■ PROBLEM ■
When the line containing "im Raster von" is found in the data below, give it again along with every later line, exactly; drop the pictures.

-- STORED DATA follows --

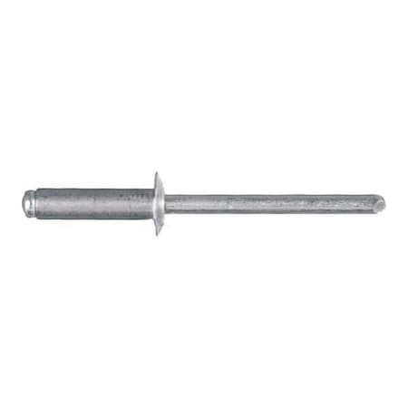 Blind Rivet, Dome Head, 1/4 in Dia., 19/32 in L, Aluminum Body, 100 PK
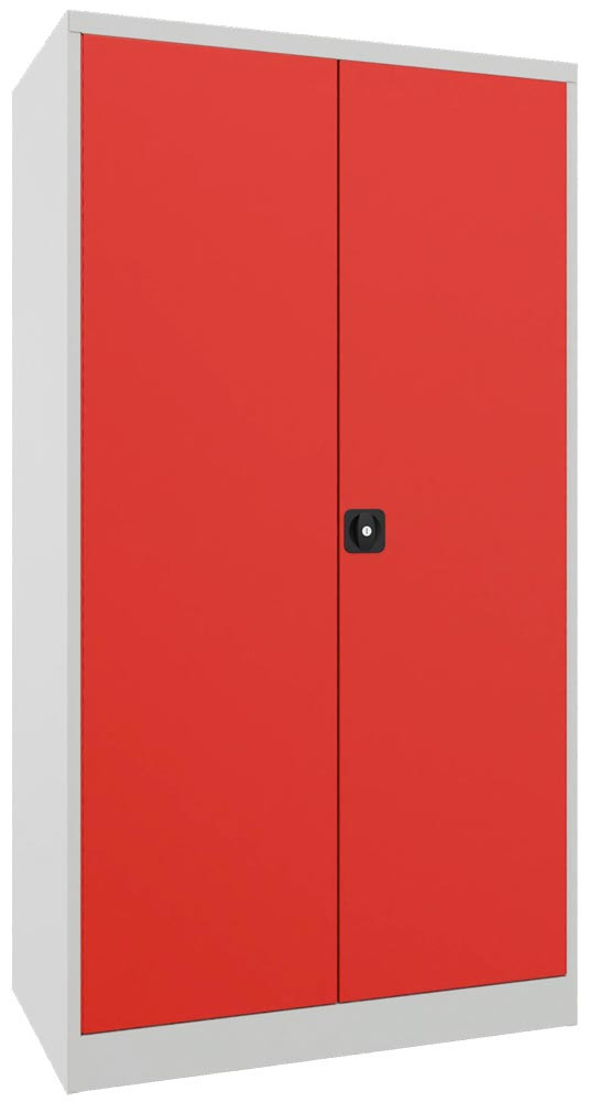 ∙ Besonders stabile, verwindungssteife Stahlblechkonstruktion ∙ Oberfläche pulverbeschichtet ∙ Schränke mit gemeinsam verschließbaren Flügeltüren mit Verstärkungstaschen ∙ Die Türen sind über einen dreiriegeligen Drehgriff mit integriertem Zylinderschloss inkl. 2 Schlüsseln verschließbar ∙ Türöffnung 180 ° ∙ Belastbarkeit je Boden 200 kg, je Schublade 60 kg bei gleichmäßig verteilter Last ∙ Gehäuse-Belastbarkeit 1300 kg ∙ Einrichtungselemente im Raster von
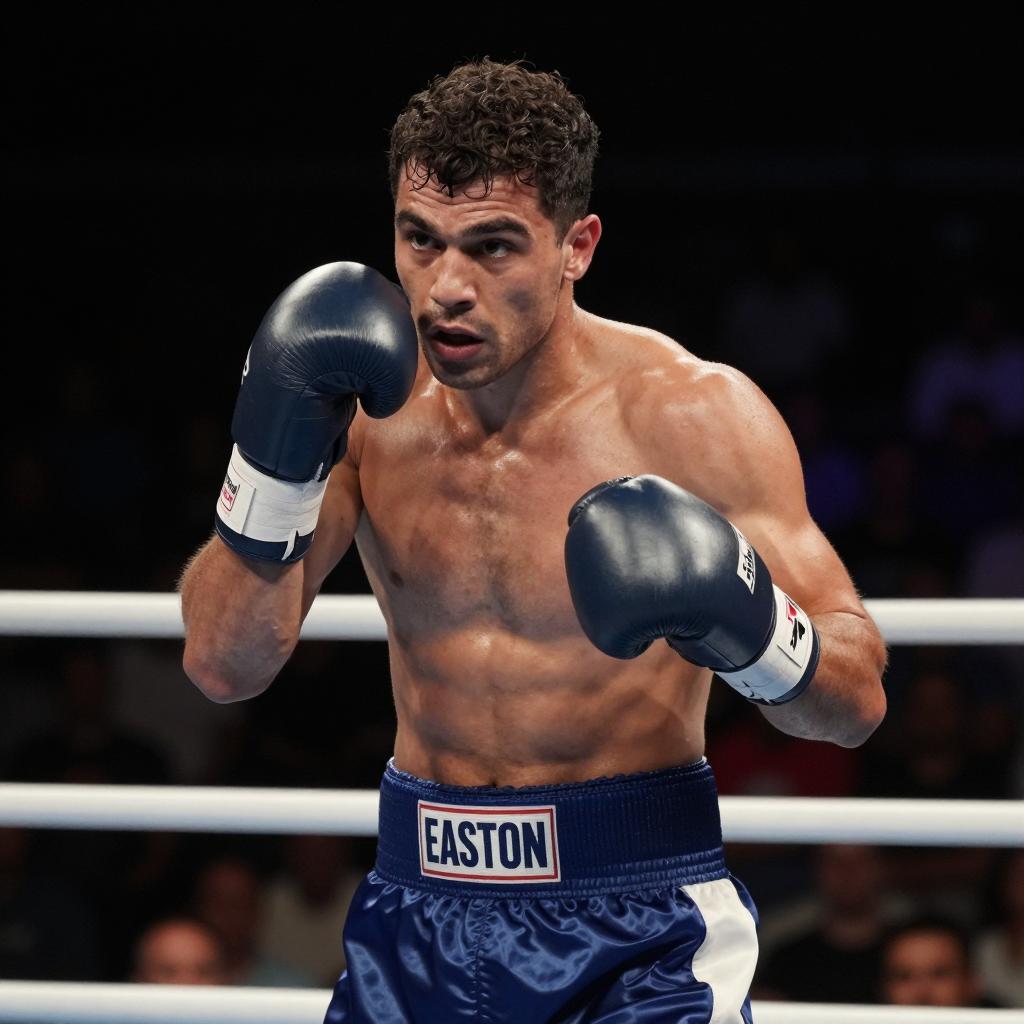 Muscular, shirtless male boxer with dark curly hair wearing red boxing gloves and white shorts, draped in the British flag. He is being hugged and supported from behind by his trainer, both showing intense expressions, set against a dark background.

-- STORED DATA concluded --

■ TASK ANSWER ■
 ∙ Besonders stabile, verwindungssteife Stahlblechkonstruktion ∙ Oberfläche pulverbeschichtet ∙ Schränke mit gemeinsam verschließbaren Flügeltüren mit Verstärkungstaschen ∙ Die Türen sind über einen dreiriegeligen Drehgriff mit integriertem Zylinderschloss inkl. 2 Schlüsseln verschließbar ∙ Türöffnung 180 ° ∙ Belastbarkeit je Boden 200 kg, je Schublade 60 kg bei gleichmäßig verteilter Last ∙ Gehäuse-Belastbarkeit 1300 kg ∙ Einrichtungselemente im Raster von
 Muscular, shirtless male boxer with dark curly hair wearing red boxing gloves and white shorts, draped in the British flag. He is being hugged and supported from behind by his trainer, both showing intense expressions, set against a dark background.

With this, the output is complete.